Orbital Content - Cameron Koczon
I really like this piece by Koczon, who I haven’t read before. His ideas about content liberation and orbital content are congruent with my discussions of the web of flow and liquid media. Like this:
Orbital content
Our transformed relationship with content is one in which individual users are the gravitational center and content floats in orbit around them. This “orbital content,” built up by the user, has the following two characteristics:
- Liberated: The content was either created by you or has been distilled and associated with you so it is both pure and personal.
- Open: You collected it so you control it. There are no middlemen apps in the way. When an application wants to offer you some cool service, it now requests access to the API of you instead of the various APIs of your entourage. This is what makes it so useful. It can be shared with countless apps and flow seamlessly between contexts.
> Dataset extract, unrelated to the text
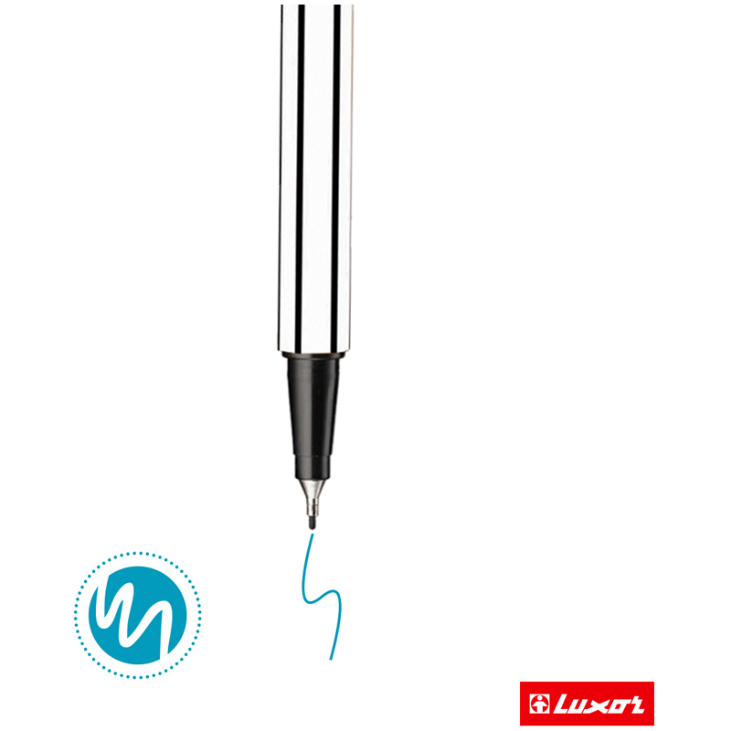Luxor Fine Writer пишут очень тонкой равномерной линией, оставляя четкий и достаточно контрастный след. Наконечник изготавливается из твёрдого пластика, благодаря чему обеспечивается одинаковая толщина линий при разных наклонах ручки, линия остается тонкой и ровной при длительном письме.

The result is a user-controlled collection of content that is free (as in speech), distilled, open, personal, and—most importantly—useful. You do the work to assemble a collection of content from disparate sources, and apps do the work to make those collections useful. These orbital collections will push users to be more self-reliant and applications to be more innovative.
Once content is liquid, it can float through social networks, now associated with the curator, not the publisher. But publisher’s forms of monetization have to float along with the content, which is going to change the nature of advertising. And shouldn’t the curator get a cut of the revenue, too?